Надо отдать кшатриям должное: отступали они в полном порядке, слаженно, и удалились почти что с достоинством – насколько это вообще было возможно в подобной ситуации.
– Надеюсь, зрелище не слишком оскорбило взор моих достойных братьев по варне? – с кривой усмешкой, но вежливо осведомился демон, поведя топором в сторону трупа юноши в кольчатом доспехе.
– Не слишком, достойный собрат, – проворчал Ушанас.
'А если бы я сказал – слишком? – ясно читалось на морщинистой физиономии Асура-гуру. – Что бы это изменило?!'
– Не слишком! – опомнившийся Гангея уже несся вприпрыжку через всю поляну к демону, с головы до ног покрытому сажей и кровью; и Ганга только тихо ахнула, не успев удержать сына.
– Не слишком, дядя Рама! Ведь ты – добрый дядя Рама-с-Топором?!
– Отец назвал меня Рамой, – буркнул себе под нос владелец секиры, – люди зовут Парашурамой, Рамой-с-Топором, а ты, малыш, только что назвал 'добрым'… Будем считать, что я ответил тебе утвердительно.
Гангея почти ничего не понял, но на всякий случай решил, что добрый дядя Рама находится в добром расположении духа.
– Дядя Рама, а можно… – мальчишка с замиранием сердца поднял взгляд на грозного хозяина Курукшетры. – Можно мне подержать твой топор?!
Странная тень промелькнула в глазах аскета-воина.
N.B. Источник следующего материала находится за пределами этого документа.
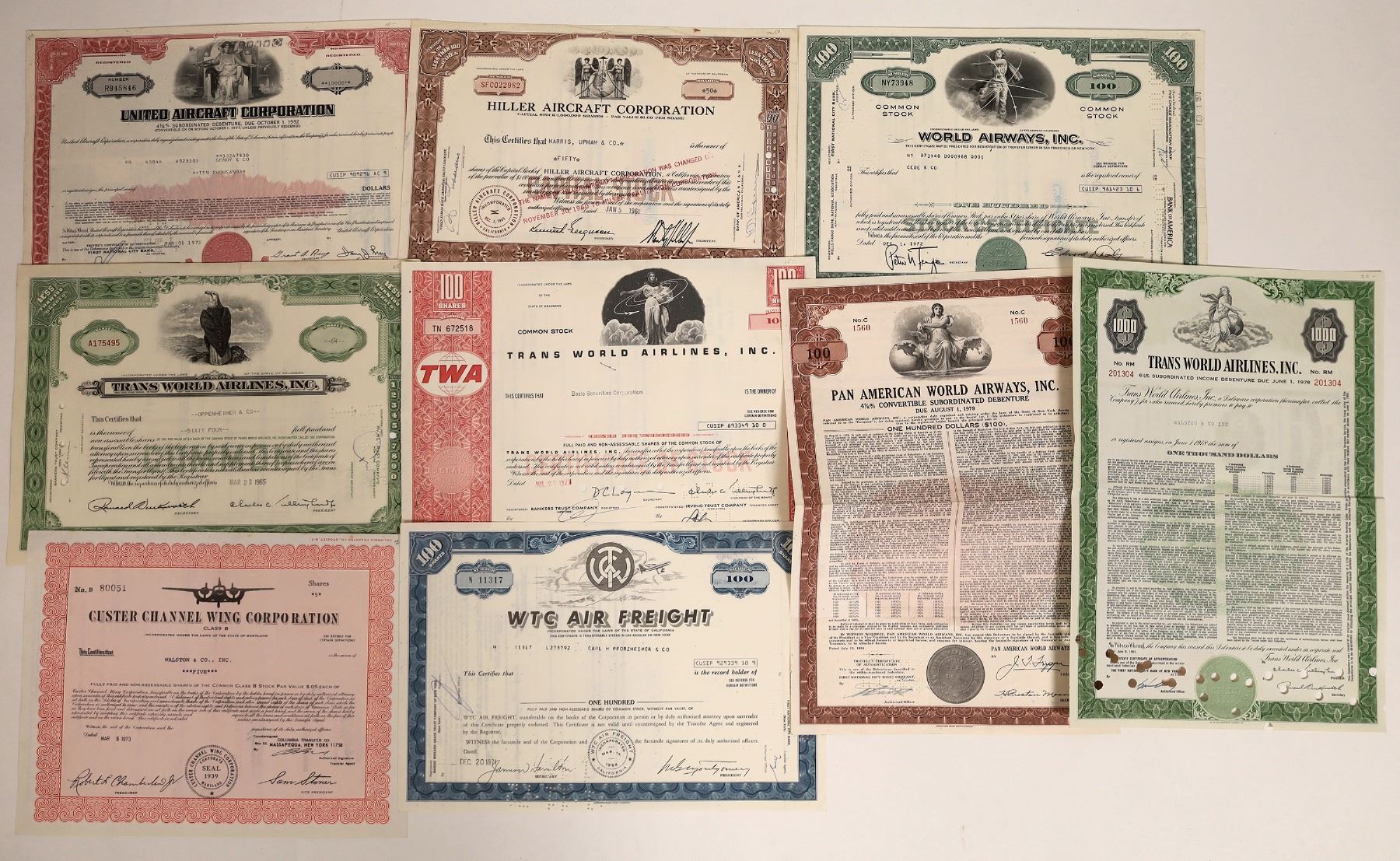 Two varieties of common stocks from TWA (Trans World Airlines). Also, a $1000 bond from the company. Also a bond from Pan Am, and stocks from Hiller Aircraft, Custer Channel Wing, World Airways, Inc., WTC Air Freight, and a bond from United Aircraft. Average condition.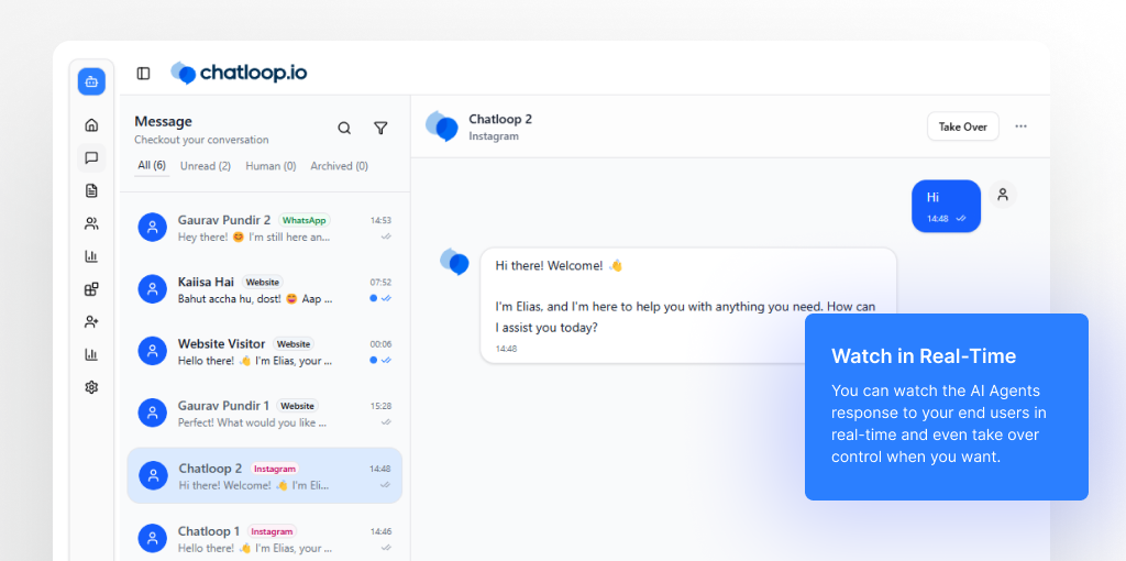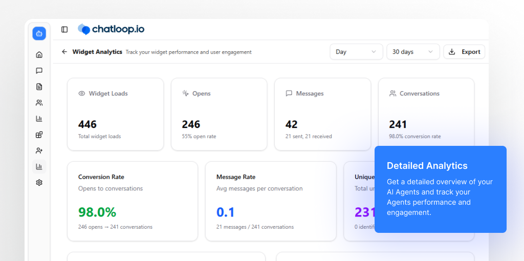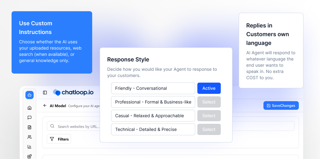 Chatloop.io uses intelligent AI to handle inquiries instantly, resolve common issues, and provide relevant information so your customers get immediate help without waiting for a human agent.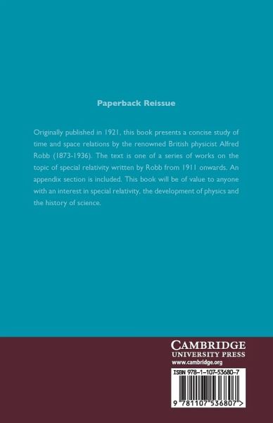 Originally published in 1921, this book presents a concise study of time and space relations by the renowned British physicist Alfred Robb (1873-1936). The text is one of a series of works on the topic of special relativity written by Robb from 1911 onwards. An appendix section is included. This book will be of value to anyone with an interest in special relativity, the development of physics and the history of science.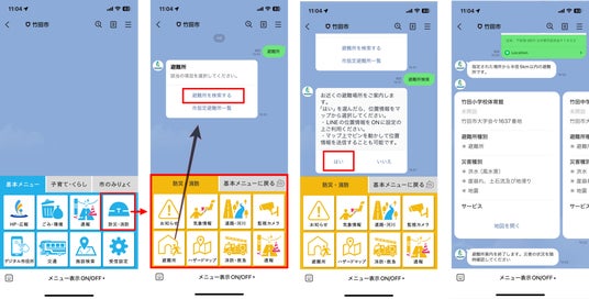 「避難所検索機能」は、チャットボットの案内に従って自身の位置情報をLINEに送信することで、近くの避難所施設を案内する機能です。普段から近くの避難所を確認しておくことができ、万が一災害が発生した際は検索した避難所の開設状況を知ることが可能です。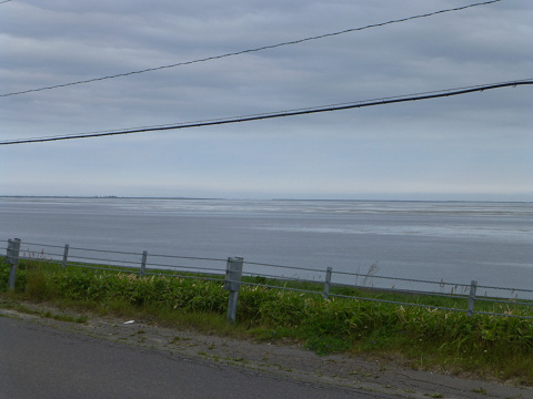 結構きつい峠越えになりました。しかし、あっけなく頂上にたどり着くと長い下り坂が続きます。最後は10キロの真っ直ぐな道路を走ると根室海峡に出るのです。
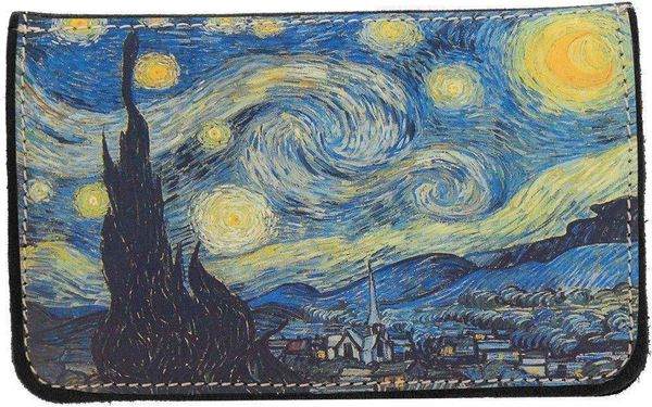 Δερμάτινη, καστόρινη, χειροποίητη καπνοθήκη από την εταιρεία "ON AND OFF". Διαθέτει εκτύπωση στο μπροστινό μέρος πάνω σε δέρμα, με μοναδικό χειροποίητο τρόπο, με το αντίγραφο του πίνακα "STARRY NIGHT" του Vincent van Gogh. Έχει μαύρο χρώμα, κλείνει με μαγνητικά κουμπιά και διαθέτει θήκη για τον καπνό, τα φιλτράκια και τα χαρτάκια.Company info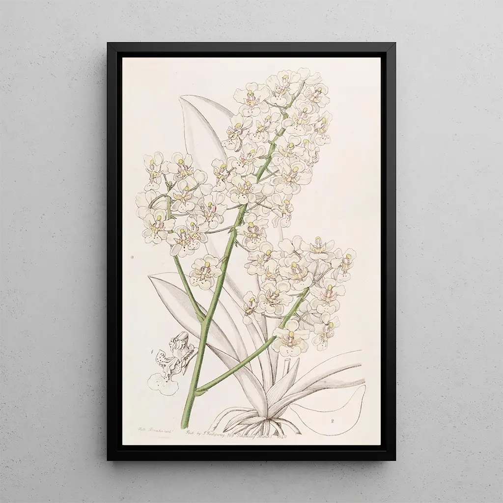 Kunsttrykket af maleriet Oncidium farve halm er et ideelt valg til at berige din indretning. Uanset om det er i en stue, et kontor eller et værelse, vil dette lærred tilføre et strejf af friskhed og farve til dit rum. Dets trykkvalitet sikrer en bemærkelsesværdig trofasthed til detaljerne i det originale værk, hvilket gør det muligt at værdsætte hele skønheden i denne botaniske illustration. Ved at vælge dette kunsttryk vælger du at integrere et kunstværk, der ikke kun forskønner dit hjem, men også fremkalder naturens pragt.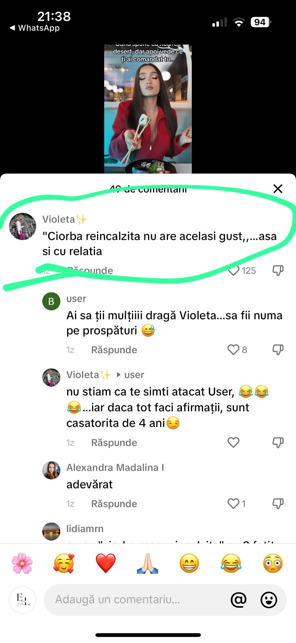 Mesajul primit de Viviana Sposub în mediul online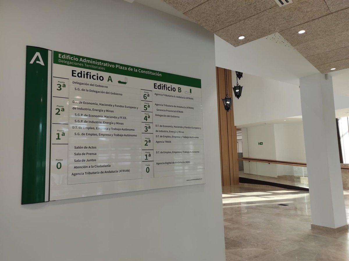 Panel informativo de un edificio administrativo de la Junta de Andalucía. - EUROPA PRESS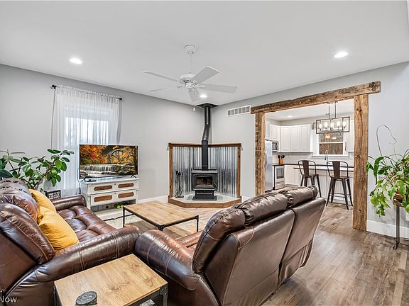 Presenting cozy, country living and endless possibilities with this custom Cape style home, BUILT IN 2017, on 13 PRIVATE ACRES in Medina County! The simplicity of the exterior sets the tone of the home, offering a comfortable & inviting space with tasteful modern farmhouse decor. The covered, wrap-around porch and the open, elevated back deck make great gathering places for family & friends and also peaceful spots for enjoying the beautiful scenery - including wooded and pond views! Step inside to find a neutral/bright color palette, tons of natural light, wood tones, and rustic accents throughout. The home has 4 bedrooms (including a first-floor master suite) and 3 FULL BATHS (with a 4th full bath already plumbed in the walkout basement!). You have a gorgeous and spacious eat-in kitchen with ample cabinetry, granite counters, a farmhouse sink, butcher block island, and sliding door to the back deck. The living room is adjacent to the kitchen and has a barnwood beam entryway, wood-burn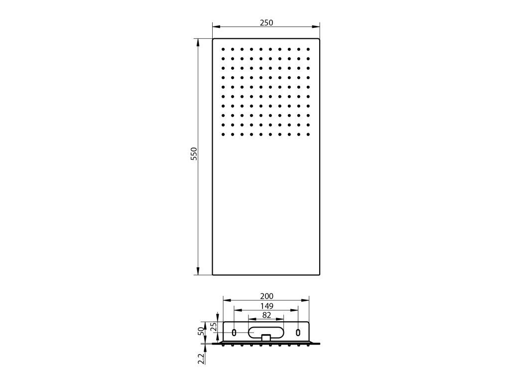 Sapho SLIM nástěnná hlavová sprcha, 250x550mm, nerez lesk MS732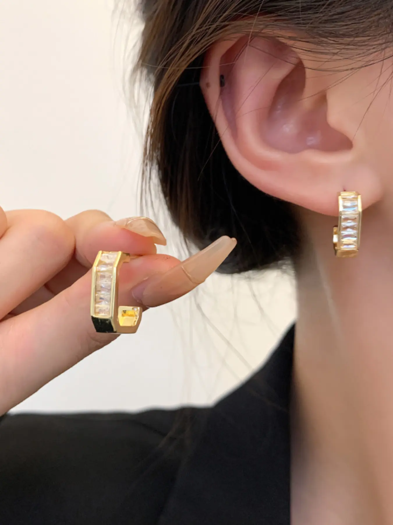 [1 Pair C-Shaped Stud Earrings] 14K Golden Plated Copper Hoop Earrings with Cubic Zirconia- Minimalist Everyday& Festival Jewelry, Year-Round Versatile Accessory, Festival Accessories, Sophisticated Style, Luxurious Finish

Скользнула змеей, на миг задержалась – и скрылась, затаилась в угольно-черной норе зрачков.
Ох, и взгляд был у доброго Рамы-с-Топором, который, по слухам, без колебаний зарубил собственную мать, повинуясь отцовскому приказу…
– Держи, – аскет древком вперед протянул мальчишке окровавленную секиру.
Багряные капли тяжко шлепались в пепел.
– Только будь осторожен: подарки Шивы не годятся для игр. Смотри, не поранься!
Гангея едва не уронил бесценное оружие (Рама незаметно прихватил секиру за кисть, подвешенную у наконечника древка), но каким-то чудом удержал. И застыл, восторженно разглядывая редкостное клеймо на плоскости лезвия.
Белый бык, яростно вздыбивший холку, неуловимо напоминал сурового владельца топора.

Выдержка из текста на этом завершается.